Bored Piles

Bored piles are cylindrical concrete structures (with or without reinforcement) that are inserted into the ground using various methods. They transfer high structural loads into deeper load-bearing soil strata, form a supporting wall for an excavation pit or topographical change or seal off groundwater when tangenting or intersected. The length, diameter, material, configuration and arrangement of the bearing piles can be modified according to the intended use.

Types of Construction Method

The Kelly method is used to produce uncased, partially cased, fully cased or slurry-supported bored piles. The drilling tool is attached to a telescopic Kelly bar and the  soil is gradually removed from the casing. The drill casing is continuously bored into the soil which is extracted until the final depth is reached.

Twin rotary system is a combination of the CFA method using a continuous flight auger with the Kelly method with drill casing, resulting in a cased bore hole, produced by using a continuous flight auger (TRS 620, 880 mm). This method is particularly advantageous in the case of high groundwater and uplift-prone soil layers, which would call for drilling under water load with the Kelly method.

The CFA method is a high-performance rotary drilling tech-nique (CFA 630, 750, 880 mm). In this process, a continuous flight auger is implemented as drilling tool.
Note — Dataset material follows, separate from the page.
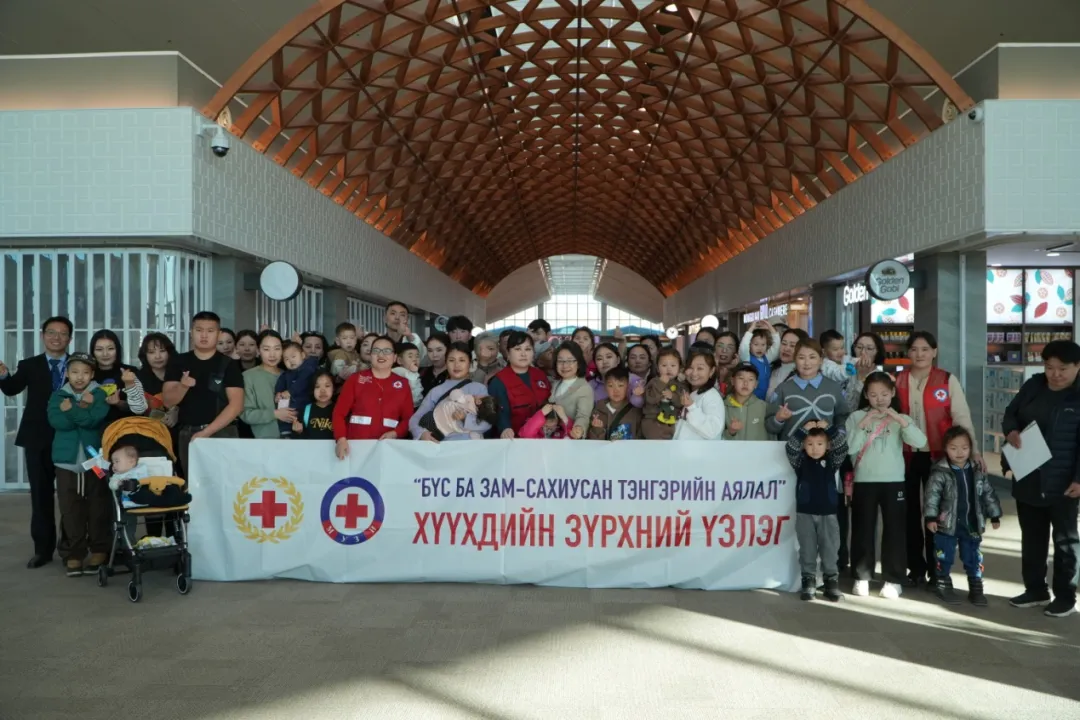 中華人民共和國駐蒙古國特命全權大使沈敏娟、蒙古國紅十字會副秘書長巴雅爾其木格在蒙古國首都烏蘭巴托機場將患兒們送上飛往北京的航班。
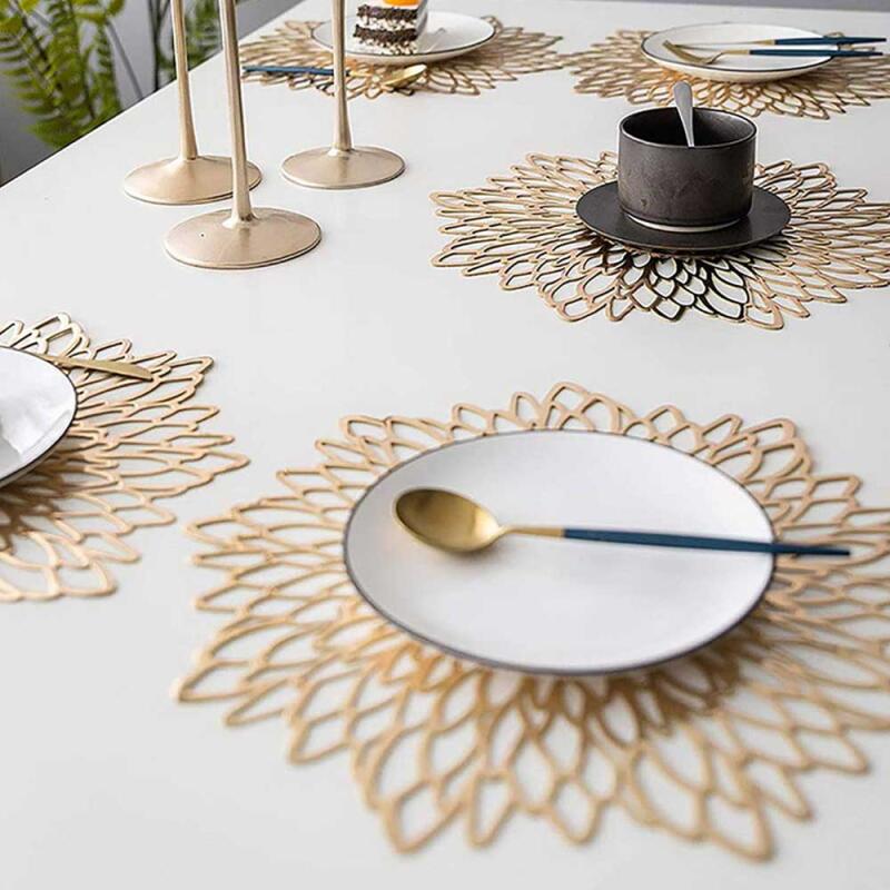 Modern Gold PVC Round Dahlia Placemat 37cm

Upon reaching the final depth, concrete is fed in from the bottom to the top through the core barrel of the hollow stem auger. The retaining structure is installed retrospectively, with vibration assistance if necessary.

Compared to the CFA method, the FDP system has the distinct advantage that hardly any cuttings are brought to the surface. This method is employed in displaceable soils. The drill string comprises an auger starter, the displacement body and an extension pipe. When drilling out and extracting, the existing soil is displaced. The concreting and reinforcing steps are performed in the same way as the CFA pile.